At the risk of the thread turning into a blood bath, I will state that devices like LEDs, diodes and transistors do not obey Ohms Law.
(There has been a lot of heated debate about this in the past!):eek:


So if I had a 6v and used a 3.3k what would be voltage dropped to after 3.3k resistor?
The quick answer is that it would still be 3.82 volts.
LEDs have a nearly constant voltage drop arcoss them which varies by only a small amount when the current through them varies.

If you set your meter to measure current, in your original circuit you should see that the current is (8.7 - 3.82)/3300 = 1.48mA or maybe a bit less because the meter will add resistance to the circuit, making the current a bit smaller.

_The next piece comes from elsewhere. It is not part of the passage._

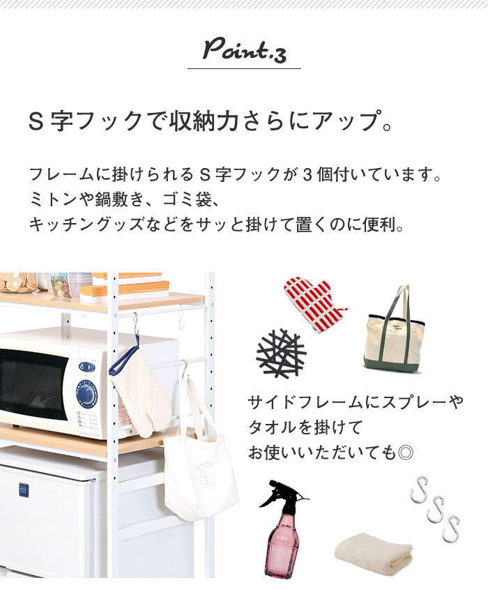 レジ袋収納やミトンなどを引っ掛けて収納するのに便利なS字フック3個付き。

When you use a 6v battery, the current will be (6 - 3.82)/3300 = 0.66mA. Depending on the LED, it may not be very bright at this low current.

JimB
 
Voltage drop occurs when you have 2 resistances in series in the circuit. This is called a voltage divider.

For example, say you have a 9 volt battery and you connect 2 1K resistors in series across the battery terminals (they don't have to be 1K, but to make things simple, make them equal).

+ terminal : 1k resistor : 1k resistor : - terminal

If you measure the voltage across the battery terminals, you get 9V (or something close to it). If you measure across one of the 1k resistors, you'll see 1/2 the voltage (4.5 volts). Each resistor is dropping half the voltage, since both resistances are equal.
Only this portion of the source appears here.